• TASK STATEMENT
Print nothing beyond the line with "위의 중복값제거시에 번호": every line from the beginning of the data up to it, that line included, and no pictures.

• RECORD SET
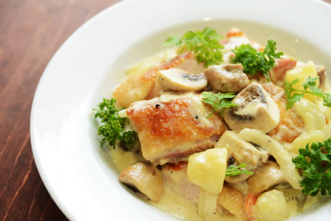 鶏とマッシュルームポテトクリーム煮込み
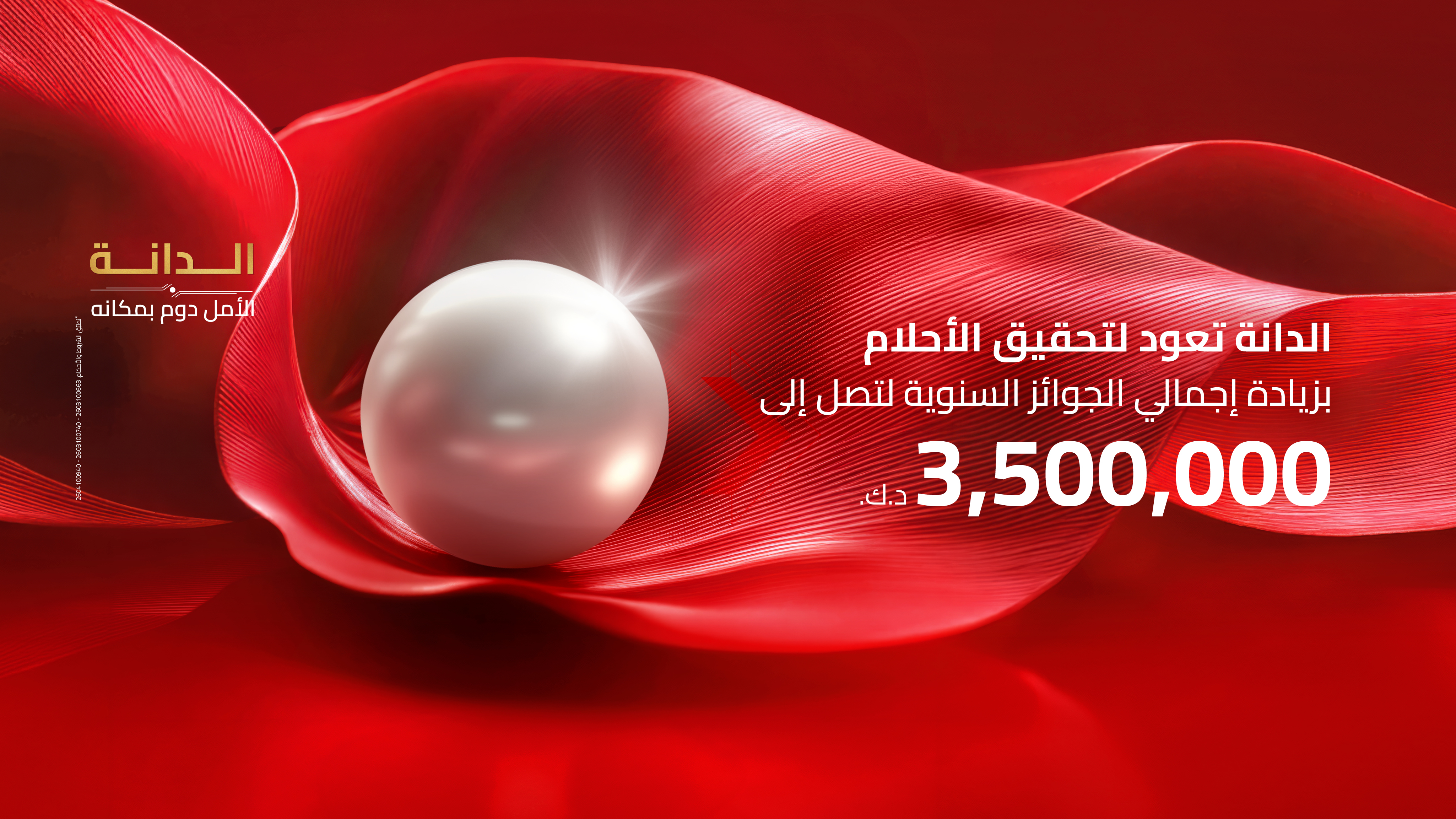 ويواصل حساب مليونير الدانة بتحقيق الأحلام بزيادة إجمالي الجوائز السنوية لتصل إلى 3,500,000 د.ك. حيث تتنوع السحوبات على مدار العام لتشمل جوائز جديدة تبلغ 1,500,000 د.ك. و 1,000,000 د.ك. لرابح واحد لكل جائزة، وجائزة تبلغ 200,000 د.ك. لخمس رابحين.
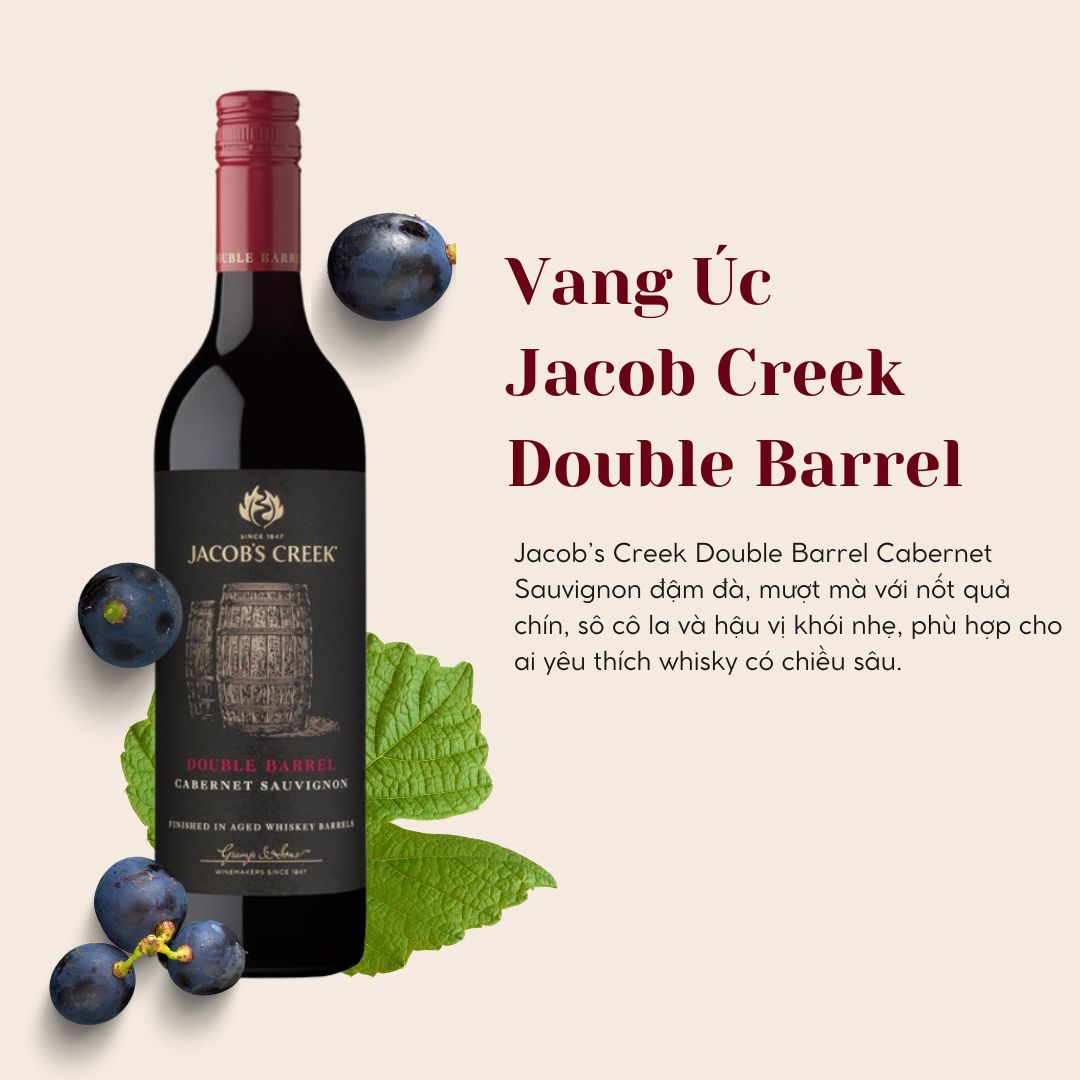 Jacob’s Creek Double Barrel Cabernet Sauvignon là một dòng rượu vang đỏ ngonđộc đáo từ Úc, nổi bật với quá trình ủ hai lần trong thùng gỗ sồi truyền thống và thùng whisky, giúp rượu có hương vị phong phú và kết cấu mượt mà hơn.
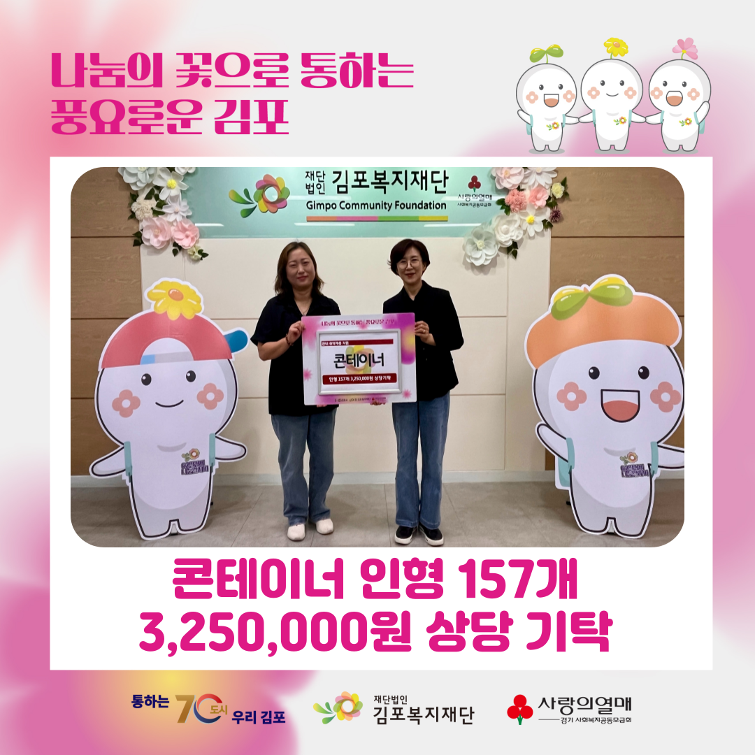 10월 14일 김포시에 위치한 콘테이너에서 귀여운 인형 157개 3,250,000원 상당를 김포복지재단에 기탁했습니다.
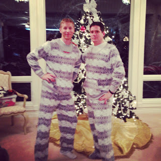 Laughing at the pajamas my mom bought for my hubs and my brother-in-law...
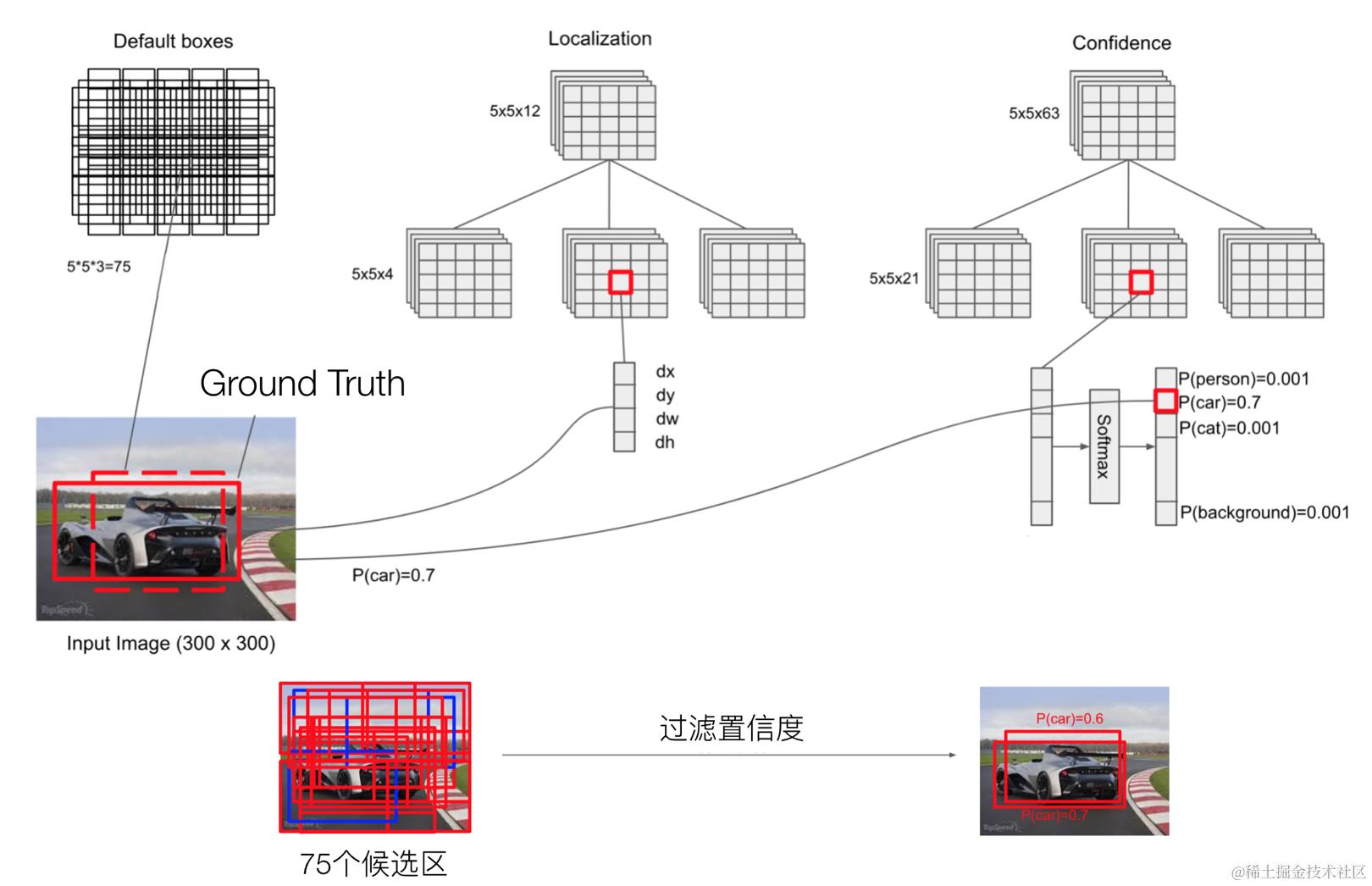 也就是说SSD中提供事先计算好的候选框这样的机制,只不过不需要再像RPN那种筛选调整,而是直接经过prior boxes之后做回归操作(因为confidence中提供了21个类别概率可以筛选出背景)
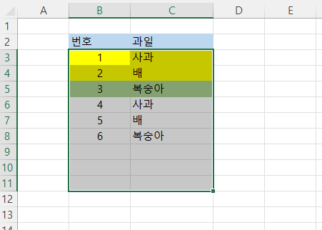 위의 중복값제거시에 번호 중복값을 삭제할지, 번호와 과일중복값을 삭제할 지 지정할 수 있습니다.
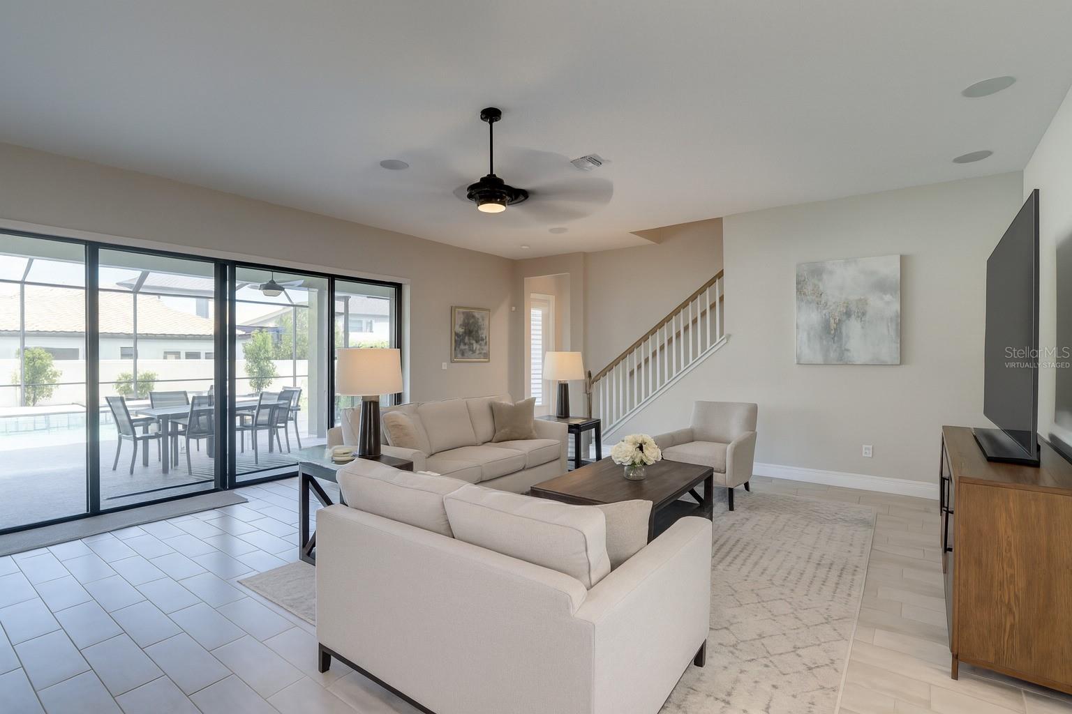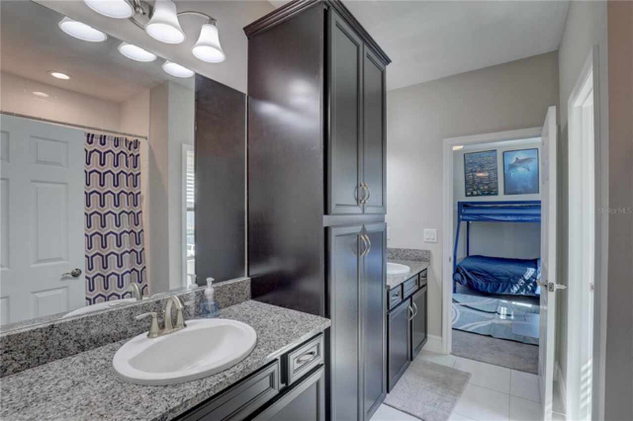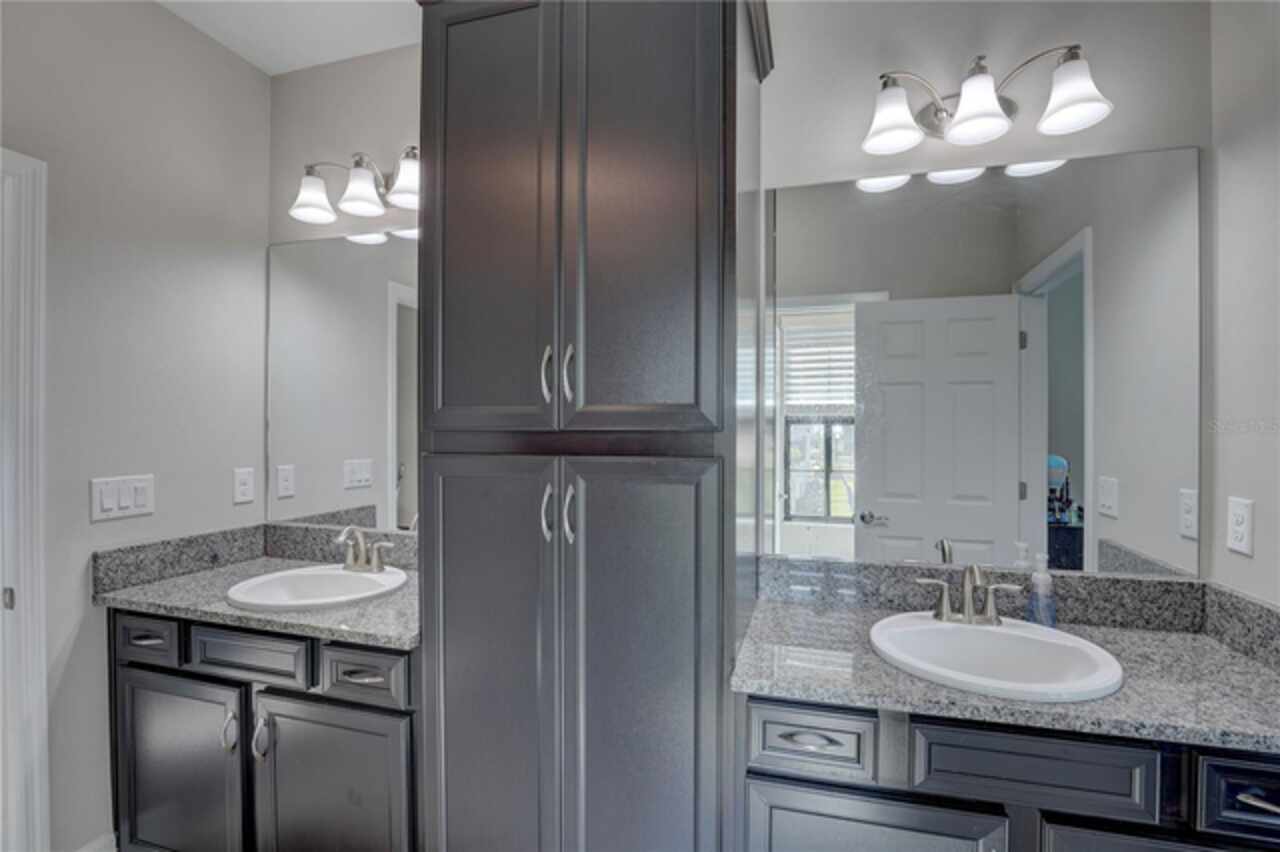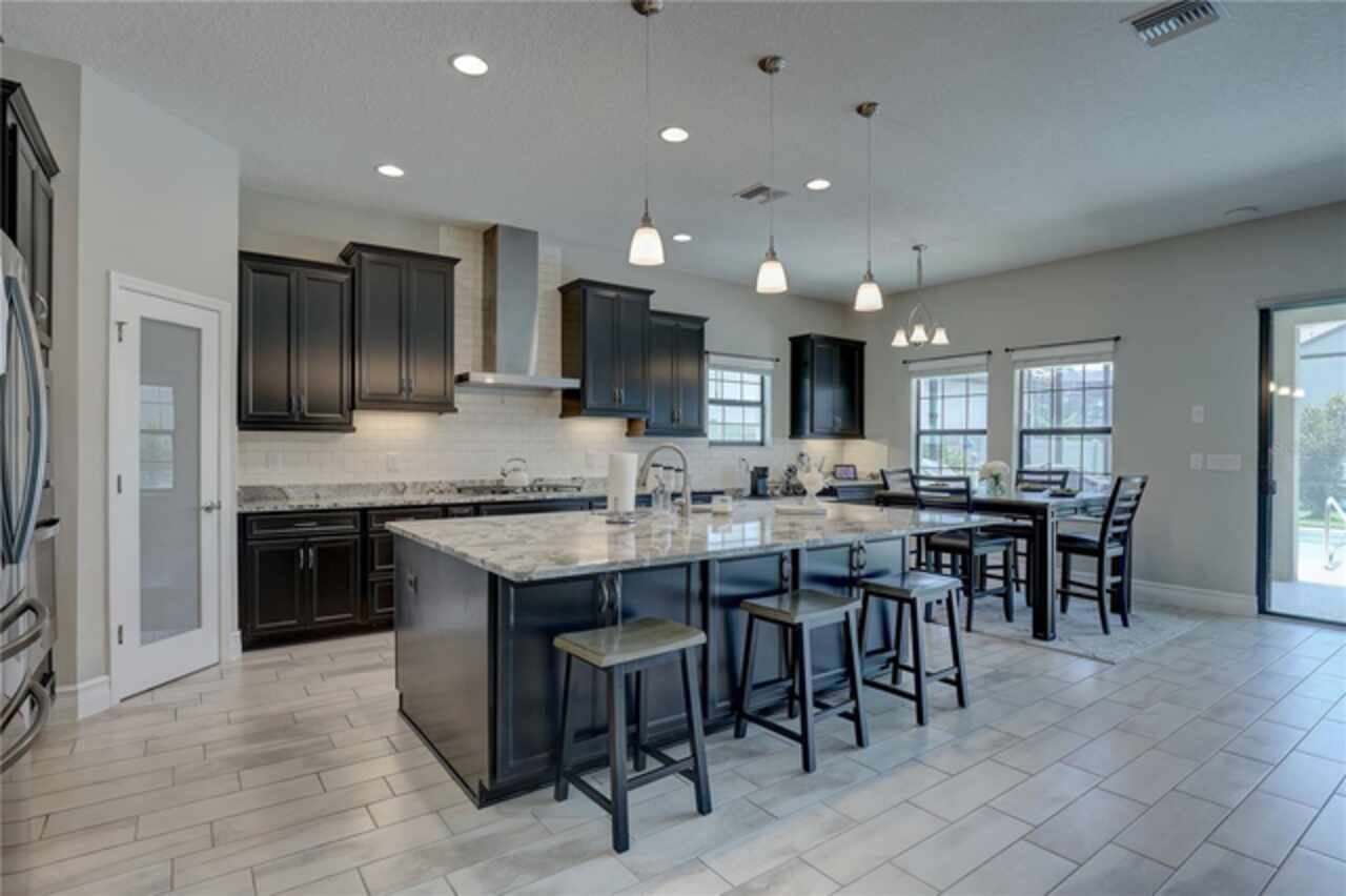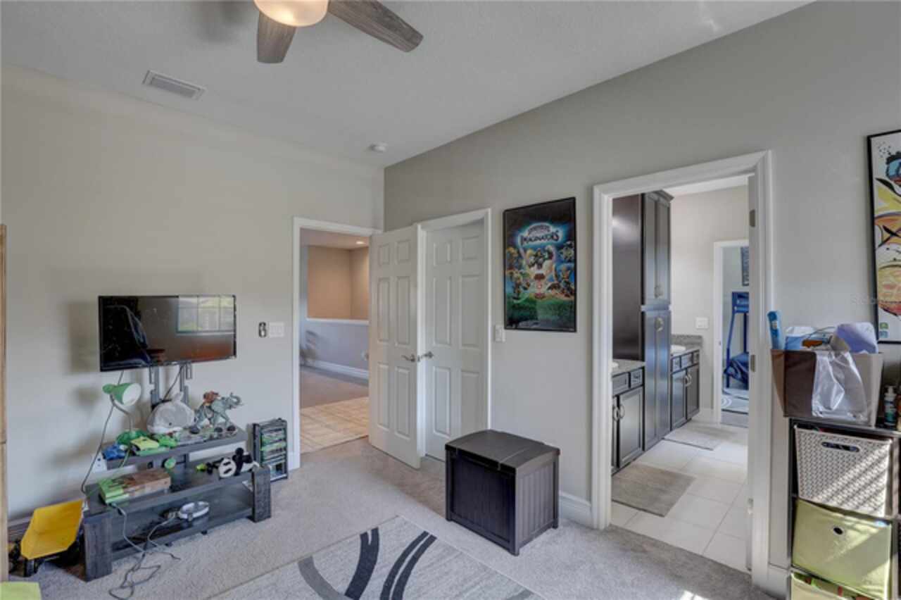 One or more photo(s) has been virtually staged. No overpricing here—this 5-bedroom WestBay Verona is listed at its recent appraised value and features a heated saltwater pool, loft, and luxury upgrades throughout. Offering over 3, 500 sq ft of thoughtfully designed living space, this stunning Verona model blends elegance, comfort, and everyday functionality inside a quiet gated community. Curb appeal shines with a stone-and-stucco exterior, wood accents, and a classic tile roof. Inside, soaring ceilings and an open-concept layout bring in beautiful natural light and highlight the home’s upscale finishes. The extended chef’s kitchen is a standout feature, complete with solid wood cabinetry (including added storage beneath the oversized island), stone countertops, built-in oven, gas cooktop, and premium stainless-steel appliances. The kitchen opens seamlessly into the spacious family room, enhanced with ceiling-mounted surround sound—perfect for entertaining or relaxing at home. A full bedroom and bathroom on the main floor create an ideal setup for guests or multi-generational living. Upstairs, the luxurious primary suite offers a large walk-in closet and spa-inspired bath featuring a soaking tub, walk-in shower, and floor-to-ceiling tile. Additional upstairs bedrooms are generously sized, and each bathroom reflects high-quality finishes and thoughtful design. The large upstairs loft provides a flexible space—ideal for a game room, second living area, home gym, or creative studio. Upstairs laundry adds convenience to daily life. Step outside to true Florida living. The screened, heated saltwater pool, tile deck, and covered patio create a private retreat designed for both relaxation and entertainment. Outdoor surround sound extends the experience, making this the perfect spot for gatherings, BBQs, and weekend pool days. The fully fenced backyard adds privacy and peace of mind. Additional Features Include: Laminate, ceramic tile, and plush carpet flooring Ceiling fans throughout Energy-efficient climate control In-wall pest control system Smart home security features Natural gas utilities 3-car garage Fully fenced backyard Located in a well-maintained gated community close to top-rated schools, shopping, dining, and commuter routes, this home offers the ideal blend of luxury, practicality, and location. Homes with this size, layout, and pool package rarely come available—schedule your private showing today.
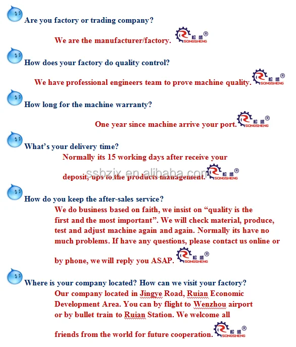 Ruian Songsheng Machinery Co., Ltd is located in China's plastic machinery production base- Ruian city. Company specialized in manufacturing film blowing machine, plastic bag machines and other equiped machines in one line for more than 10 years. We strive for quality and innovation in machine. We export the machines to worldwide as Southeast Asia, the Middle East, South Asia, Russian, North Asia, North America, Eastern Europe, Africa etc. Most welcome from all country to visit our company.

• EXERCISE RESPONSE
 鶏とマッシュルームポテトクリーム煮込み
 ويواصل حساب مليونير الدانة بتحقيق الأحلام بزيادة إجمالي الجوائز السنوية لتصل إلى 3,500,000 د.ك. حيث تتنوع السحوبات على مدار العام لتشمل جوائز جديدة تبلغ 1,500,000 د.ك. و 1,000,000 د.ك. لرابح واحد لكل جائزة، وجائزة تبلغ 200,000 د.ك. لخمس رابحين.
 Jacob’s Creek Double Barrel Cabernet Sauvignon là một dòng rượu vang đỏ ngonđộc đáo từ Úc, nổi bật với quá trình ủ hai lần trong thùng gỗ sồi truyền thống và thùng whisky, giúp rượu có hương vị phong phú và kết cấu mượt mà hơn.
 10월 14일 김포시에 위치한 콘테이너에서 귀여운 인형 157개 3,250,000원 상당를 김포복지재단에 기탁했습니다.
 Laughing at the pajamas my mom bought for my hubs and my brother-in-law...
 也就是说SSD中提供事先计算好的候选框这样的机制,只不过不需要再像RPN那种筛选调整,而是直接经过prior boxes之后做回归操作(因为confidence中提供了21个类别概率可以筛选出背景)
 위의 중복값제거시에 번호 중복값을 삭제할지, 번호와 과일중복값을 삭제할 지 지정할 수 있습니다.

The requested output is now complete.